Now you can install Ollama if it is not already on your machine. If it is already running, stop it and start it again. Check the logs to ensure Ollama has found your GPU: C:\Users\<USER>\AppData\Local\Ollama\server.log.
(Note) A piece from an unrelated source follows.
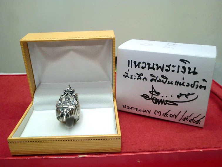 ***แหวนพระแก้ว***๓๙๗/๙๙๙ ที่ระลึกในโอกาศ อ.เฉลิมชัยได้รับรางวัลศิลปินแห่งชาติ ใครยังไม่มีเชิญได้ครับ แหวนมีน้อย เนื้อเงินแค่ ๙๙๙ วงเท่านั้นเฉพาะ ลูกศิษย์ที่เล่นภาพวาดของ อ.เฉลิมชัยก็แทบจะไม่พออยู่แล้ว แต่มีเหลือแค่ ๑๔๒ วง ที่ อ.เฉลิมชัย ท่านแบ่งให้โอกาศคนทั่วไป ที่ได้ไปร่วมชมผลงาน อ.เฉลิมชัย ที่พารากอน แล้วลงชือไว้ในสมุด บางท่านได้บางท่านไม่ได้ครับ ยอดลงชื่อไม่ต่ำกว่า 700คน อนาคตไม่ต้องถามถึงนับวันผลงานของ อ.เฉลิมชัย มีแต่แพงขึ้นๆครับ..

You should now see your AMD Radeon RX 9070 XT being added as a compute device:

time=2026-02-15T12:02:34.656+01:00 level=INFO source=routes.go:1636 msg="server config" env="map[CUDA_VISIBLE_DEVICES: GGML_VK_VISIBLE_DEVICES: GPU_DEVICE_ORDINAL: HIP_VISIBLE_DEVICES: HSA_OVERRIDE_GFX_VERSION: HTTPS_PROXY: HTTP_PROXY: NO_PROXY: OLLAMA_CONTEXT_LENGTH:4096 OLLAMA_DEBUG:INFO OLLAMA_EDITOR: OLLAMA_FLASH_ATTENTION:false OLLAMA_GPU_OVERHEAD:0 OLLAMA_HOST:http://127.0.0.1:11434 OLLAMA_KEEP_ALIVE:5m0s OLLAMA_KV_CACHE_TYPE: OLLAMA_LLM_LIBRARY: OLLAMA_LOAD_TIMEOUT:5m0s OLLAMA_MAX_LOADED_MODELS:0 OLLAMA_MAX_QUEUE:512 OLLAMA_MODELS:V:\\Program Files\\ollama OLLAMA_MULTIUSER_CACHE:false OLLAMA_NEW_ENGINE:false OLLAMA_NOHISTORY:false OLLAMA_NOPRUNE:false OLLAMA_NUM_PARALLEL:1 OLLAMA_ORIGINS:[http://localhost https://localhost http://localhost:* https://localhost:* http://127.0.0.1 https://127.0.0.1 http://127.0.0.1:* https://127.0.0.1:* http://0.0.0.0 https://0.0.0.0 http://0.0.0.0:* https://0.0.0.0:* app://* file://* tauri://* vscode-webview://* vscode-file://*] OLLAMA_REMOTES:[ollama.com] OLLAMA_SCHED_SPREAD:false OLLAMA_VULKAN:false ROCR_VISIBLE_DEVICES:]"
time=2026-02-15T12:02:34.684+01:00 level=INFO source=images.go:473 msg="total blobs: 10"
time=2026-02-15T12:02:34.684+01:00 level=INFO source=images.go:480 msg="total unused blobs removed: 0"
time=2026-02-15T12:02:34.685+01:00 level=INFO source=routes.go:1689 msg="Listening on 127.0.0.1:11434 (version 0.16.1)"
time=2026-02-15T12:02:34.686+01:00 level=INFO source=runner.go:67 msg="discovering available GPUs..."
time=2026-02-15T12:02:34.693+01:00 level=INFO source=server.go:431 msg="starting runner" cmd="C:\\Users\\<USER>\\AppData\\Local\\Programs\\Ollama\\ollama.exe runner --ollama-engine --port 54950"
time=2026-02-15T12:02:35.189+01:00 level=INFO source=runner.go:106 msg="experimental Vulkan support disabled.  To enable, set OLLAMA_VULKAN=1"
time=2026-02-15T12:02:35.190+01:00 level=INFO source=server.go:431 msg="starting runner" cmd="C:\\Users\\<USER>\\AppData\\Local\\Programs\\Ollama\\ollama.exe runner --ollama-engine --port 54957"
time=2026-02-15T12:02:35.282+01:00 level=INFO source=server.go:431 msg="starting runner" cmd="C:\\Users\\<USER>\\AppData\\Local\\Programs\\Ollama\\ollama.exe runner --ollama-engine --port 54964"
time=2026-02-15T12:02:35.412+01:00 level=INFO source=server.go:431 msg="starting runner" cmd="C:\\Users\\<USER>\\AppData\\Local\\Programs\\Ollama\\ollama.exe runner --ollama-engine --port 54971"
### Below is what we are looking for
time=2026-02-15T12:02:36.140+01:00 level=INFO source=types.go:42 msg="inference compute" id=0 filter_id=0 library=ROCm compute=gfx1201 name=ROCm0 description="AMD Radeon RX 9070 XT" libdirs=ollama,rocm driver=60551.38 pci_id=0000:2f:00.0 type=discrete total="15.9 GiB" available="13.2 GiB"
### Above is what we are looking for
time=2026-02-15T12:02:36.140+01:00 level=INFO source=routes.go:1739 msg="vram-based default context" total_vram="15.9 GiB" default_num_ctx=4096

Now, if you run Ollama, you should also see that your model is allocated to the GPU:

> ollama ps
NAME           ID              SIZE     PROCESSOR    CONTEXT    UNTIL
gpt-oss:20b    17052f91a42e    14 GB    100% GPU     8192       29 minutes from now

Conclusion

Now you know how to make large language models run on Windows 11 and AMD Radeon RX 9000 series GPUs with Ollama. I hope this guide is helpful for you!